Required action:
Would you please return the lines of the entries below starting at the line that has "August 12, 2022" and ending at the line that has "面塑艺人李春芳在河北邯郸市丛台区工作室内制作面塑作品。", both included, exactly as they are?

The data:
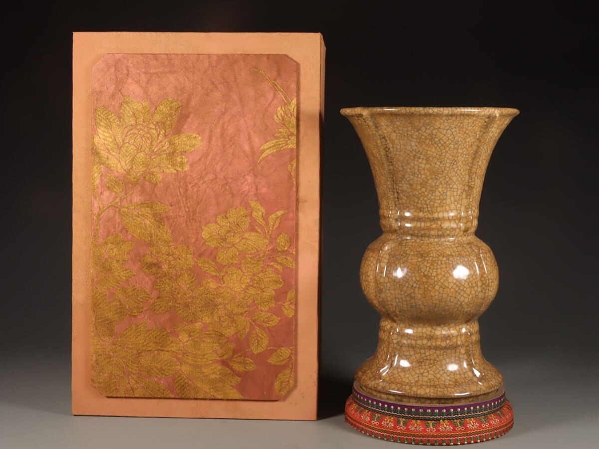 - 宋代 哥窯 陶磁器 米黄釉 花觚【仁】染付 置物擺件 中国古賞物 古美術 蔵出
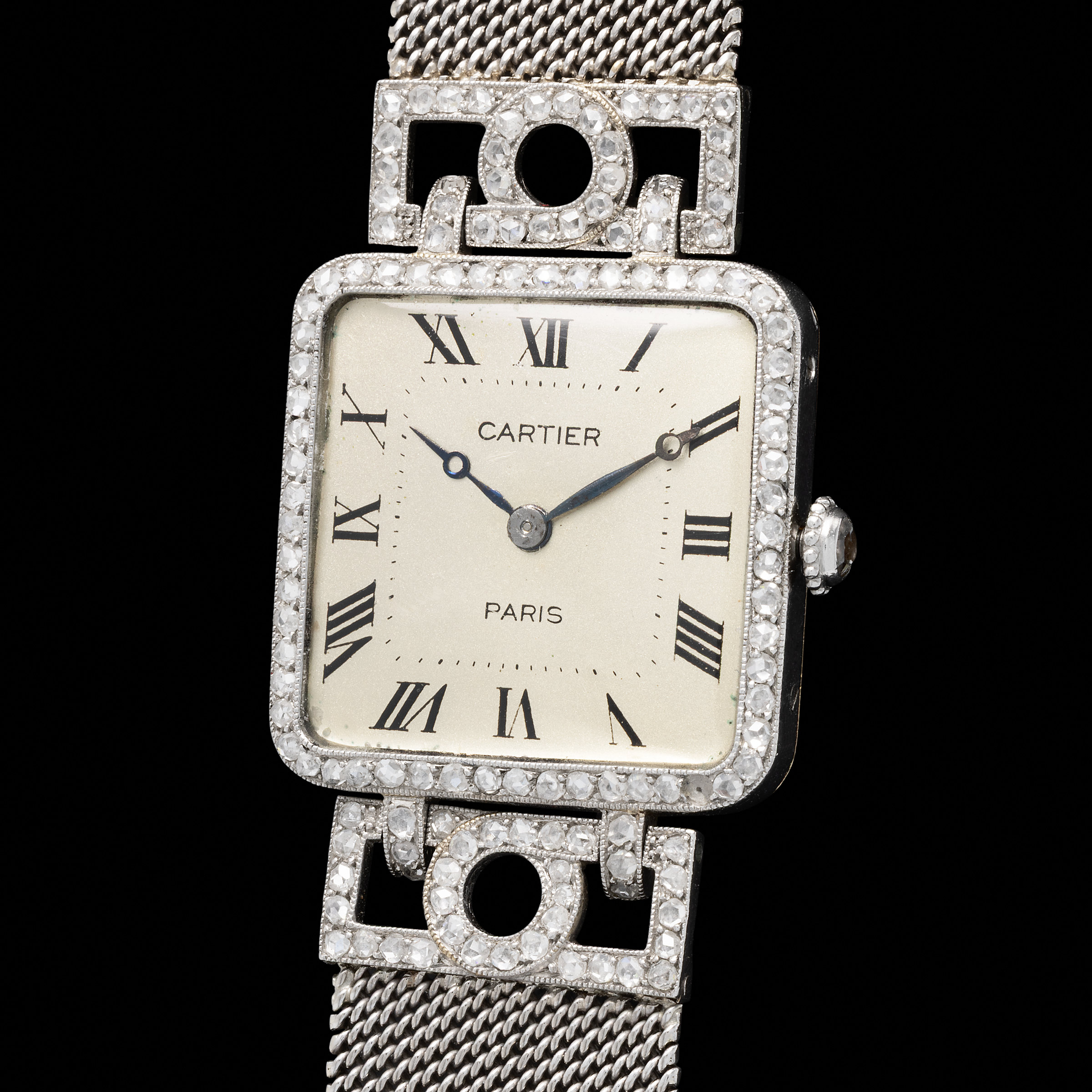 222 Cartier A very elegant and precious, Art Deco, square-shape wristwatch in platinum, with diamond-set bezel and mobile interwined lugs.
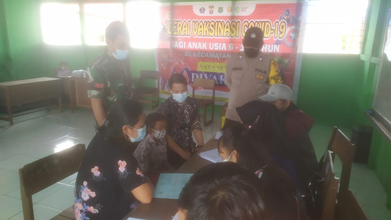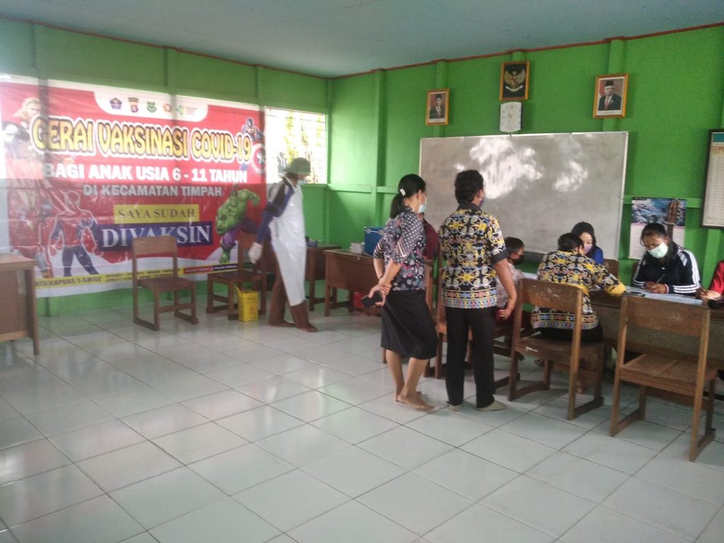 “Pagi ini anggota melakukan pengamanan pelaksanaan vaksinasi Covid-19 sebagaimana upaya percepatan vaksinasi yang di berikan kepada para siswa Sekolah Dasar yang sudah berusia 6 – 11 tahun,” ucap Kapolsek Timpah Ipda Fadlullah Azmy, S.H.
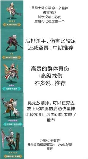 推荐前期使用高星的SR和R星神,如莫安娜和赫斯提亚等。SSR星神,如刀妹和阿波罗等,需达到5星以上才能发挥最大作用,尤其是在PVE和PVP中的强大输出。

* * *

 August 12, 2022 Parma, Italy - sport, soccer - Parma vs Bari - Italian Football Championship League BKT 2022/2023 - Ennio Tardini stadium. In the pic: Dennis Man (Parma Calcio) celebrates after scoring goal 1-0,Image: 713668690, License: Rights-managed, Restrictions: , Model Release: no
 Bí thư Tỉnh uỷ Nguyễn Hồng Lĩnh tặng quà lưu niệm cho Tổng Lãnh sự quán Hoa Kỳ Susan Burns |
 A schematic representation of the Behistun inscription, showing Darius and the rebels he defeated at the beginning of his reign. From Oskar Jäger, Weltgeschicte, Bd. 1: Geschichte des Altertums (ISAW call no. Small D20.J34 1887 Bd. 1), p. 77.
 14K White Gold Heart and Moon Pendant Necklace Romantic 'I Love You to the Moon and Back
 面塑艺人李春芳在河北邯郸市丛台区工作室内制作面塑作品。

...

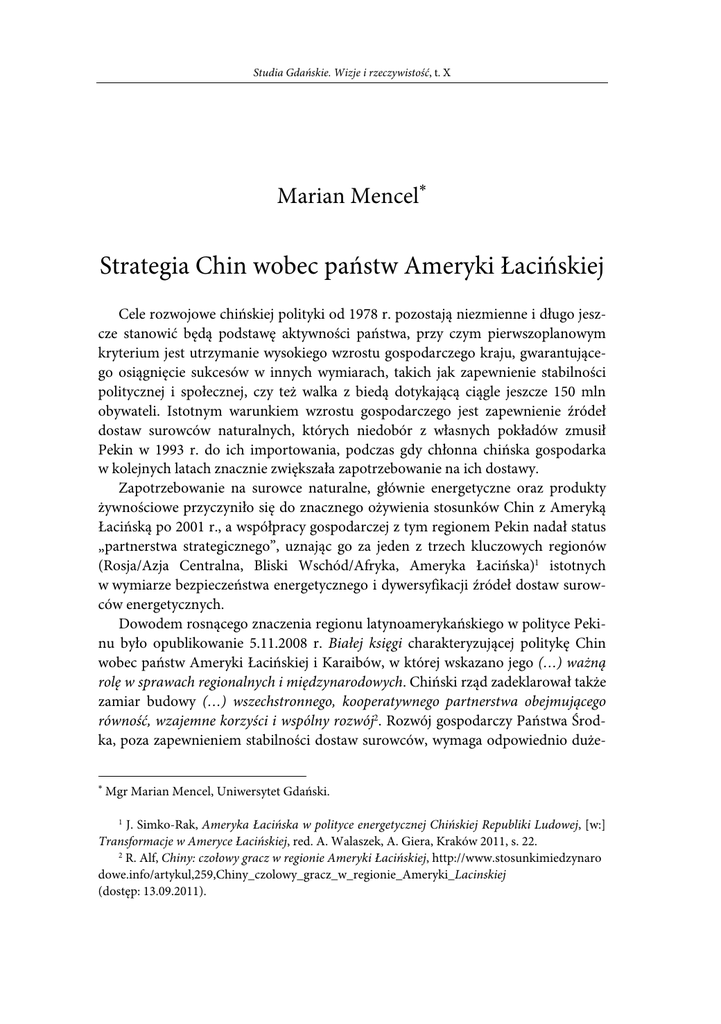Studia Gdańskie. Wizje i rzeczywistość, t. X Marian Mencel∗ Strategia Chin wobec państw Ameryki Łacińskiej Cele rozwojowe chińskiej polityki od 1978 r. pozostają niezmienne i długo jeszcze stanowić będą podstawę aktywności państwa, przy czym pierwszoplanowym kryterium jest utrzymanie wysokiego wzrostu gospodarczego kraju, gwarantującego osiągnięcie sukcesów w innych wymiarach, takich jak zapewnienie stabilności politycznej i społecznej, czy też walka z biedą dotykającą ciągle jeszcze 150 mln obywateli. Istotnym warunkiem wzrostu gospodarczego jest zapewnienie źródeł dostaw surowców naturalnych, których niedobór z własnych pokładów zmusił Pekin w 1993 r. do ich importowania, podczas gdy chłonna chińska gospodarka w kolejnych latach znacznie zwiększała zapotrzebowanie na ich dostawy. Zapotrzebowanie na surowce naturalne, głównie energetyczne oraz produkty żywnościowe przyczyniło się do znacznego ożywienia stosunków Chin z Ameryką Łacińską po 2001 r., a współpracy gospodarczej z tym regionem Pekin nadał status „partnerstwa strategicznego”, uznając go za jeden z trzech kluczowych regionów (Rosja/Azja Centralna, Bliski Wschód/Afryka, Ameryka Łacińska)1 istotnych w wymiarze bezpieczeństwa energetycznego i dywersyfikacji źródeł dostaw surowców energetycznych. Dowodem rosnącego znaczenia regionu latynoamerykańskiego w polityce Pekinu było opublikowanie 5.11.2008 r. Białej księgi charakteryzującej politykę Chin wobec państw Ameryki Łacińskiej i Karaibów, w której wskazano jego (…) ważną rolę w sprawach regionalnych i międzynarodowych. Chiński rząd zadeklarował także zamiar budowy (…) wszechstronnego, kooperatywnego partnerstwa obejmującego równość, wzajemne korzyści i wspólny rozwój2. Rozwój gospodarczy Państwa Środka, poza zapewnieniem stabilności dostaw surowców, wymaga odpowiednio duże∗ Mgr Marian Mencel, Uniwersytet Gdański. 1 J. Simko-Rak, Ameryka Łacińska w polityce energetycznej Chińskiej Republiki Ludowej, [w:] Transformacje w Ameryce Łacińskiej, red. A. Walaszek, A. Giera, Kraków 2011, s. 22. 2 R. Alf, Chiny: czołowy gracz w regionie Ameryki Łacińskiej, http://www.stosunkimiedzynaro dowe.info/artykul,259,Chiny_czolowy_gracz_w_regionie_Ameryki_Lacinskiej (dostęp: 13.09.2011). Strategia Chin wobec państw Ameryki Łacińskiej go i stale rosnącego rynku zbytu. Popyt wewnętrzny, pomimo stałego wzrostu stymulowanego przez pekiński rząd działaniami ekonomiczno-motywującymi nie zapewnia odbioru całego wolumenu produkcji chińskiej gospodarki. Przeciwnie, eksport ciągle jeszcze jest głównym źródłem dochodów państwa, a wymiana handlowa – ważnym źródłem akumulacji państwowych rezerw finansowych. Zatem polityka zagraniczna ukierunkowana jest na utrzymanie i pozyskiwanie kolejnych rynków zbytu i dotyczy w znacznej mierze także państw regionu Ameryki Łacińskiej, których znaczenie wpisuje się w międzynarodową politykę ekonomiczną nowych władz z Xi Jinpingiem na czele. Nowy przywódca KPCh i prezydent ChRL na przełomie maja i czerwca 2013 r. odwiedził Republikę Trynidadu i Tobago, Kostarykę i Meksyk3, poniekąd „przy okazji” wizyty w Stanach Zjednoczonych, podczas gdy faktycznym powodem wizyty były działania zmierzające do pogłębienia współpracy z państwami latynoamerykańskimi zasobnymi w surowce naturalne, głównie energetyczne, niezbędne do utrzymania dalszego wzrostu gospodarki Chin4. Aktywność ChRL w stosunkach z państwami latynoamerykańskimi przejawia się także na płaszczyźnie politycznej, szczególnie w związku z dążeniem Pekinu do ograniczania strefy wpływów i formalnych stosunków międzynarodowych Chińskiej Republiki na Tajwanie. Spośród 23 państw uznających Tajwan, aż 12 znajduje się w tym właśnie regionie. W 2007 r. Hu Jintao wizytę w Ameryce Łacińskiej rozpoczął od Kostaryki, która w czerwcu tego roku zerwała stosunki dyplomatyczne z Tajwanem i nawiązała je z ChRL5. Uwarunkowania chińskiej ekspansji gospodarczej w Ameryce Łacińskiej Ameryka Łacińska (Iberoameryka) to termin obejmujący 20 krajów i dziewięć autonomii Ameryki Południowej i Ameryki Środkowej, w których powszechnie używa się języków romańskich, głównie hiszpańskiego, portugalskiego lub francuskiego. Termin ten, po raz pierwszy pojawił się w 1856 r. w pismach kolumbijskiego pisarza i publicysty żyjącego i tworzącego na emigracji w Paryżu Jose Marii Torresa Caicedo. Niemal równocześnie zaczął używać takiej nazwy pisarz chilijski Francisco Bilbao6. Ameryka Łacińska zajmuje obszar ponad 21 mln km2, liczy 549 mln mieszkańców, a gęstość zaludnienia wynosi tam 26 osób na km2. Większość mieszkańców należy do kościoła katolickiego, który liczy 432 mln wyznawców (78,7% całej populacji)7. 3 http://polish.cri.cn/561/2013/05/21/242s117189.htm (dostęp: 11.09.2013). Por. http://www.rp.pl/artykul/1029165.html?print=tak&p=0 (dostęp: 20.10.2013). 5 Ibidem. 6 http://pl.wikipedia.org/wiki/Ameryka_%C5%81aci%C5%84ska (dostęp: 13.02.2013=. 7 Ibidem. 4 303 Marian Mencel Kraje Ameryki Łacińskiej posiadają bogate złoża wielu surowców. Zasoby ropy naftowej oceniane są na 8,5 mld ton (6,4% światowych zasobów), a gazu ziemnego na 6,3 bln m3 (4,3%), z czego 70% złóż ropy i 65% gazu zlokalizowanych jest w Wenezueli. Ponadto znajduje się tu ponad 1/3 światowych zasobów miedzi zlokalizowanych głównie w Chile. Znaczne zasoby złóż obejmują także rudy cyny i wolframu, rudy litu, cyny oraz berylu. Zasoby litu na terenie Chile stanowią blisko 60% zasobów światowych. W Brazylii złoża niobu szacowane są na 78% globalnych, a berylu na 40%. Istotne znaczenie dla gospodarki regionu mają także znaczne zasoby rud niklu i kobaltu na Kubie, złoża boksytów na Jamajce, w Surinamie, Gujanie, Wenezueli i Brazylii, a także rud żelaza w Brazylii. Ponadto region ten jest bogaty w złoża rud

Solution to the problem:
 August 12, 2022 Parma, Italy - sport, soccer - Parma vs Bari - Italian Football Championship League BKT 2022/2023 - Ennio Tardini stadium. In the pic: Dennis Man (Parma Calcio) celebrates after scoring goal 1-0,Image: 713668690, License: Rights-managed, Restrictions: , Model Release: no
 Bí thư Tỉnh uỷ Nguyễn Hồng Lĩnh tặng quà lưu niệm cho Tổng Lãnh sự quán Hoa Kỳ Susan Burns |
 A schematic representation of the Behistun inscription, showing Darius and the rebels he defeated at the beginning of his reign. From Oskar Jäger, Weltgeschicte, Bd. 1: Geschichte des Altertums (ISAW call no. Small D20.J34 1887 Bd. 1), p. 77.
 14K White Gold Heart and Moon Pendant Necklace Romantic 'I Love You to the Moon and Back
 面塑艺人李春芳在河北邯郸市丛台区工作室内制作面塑作品。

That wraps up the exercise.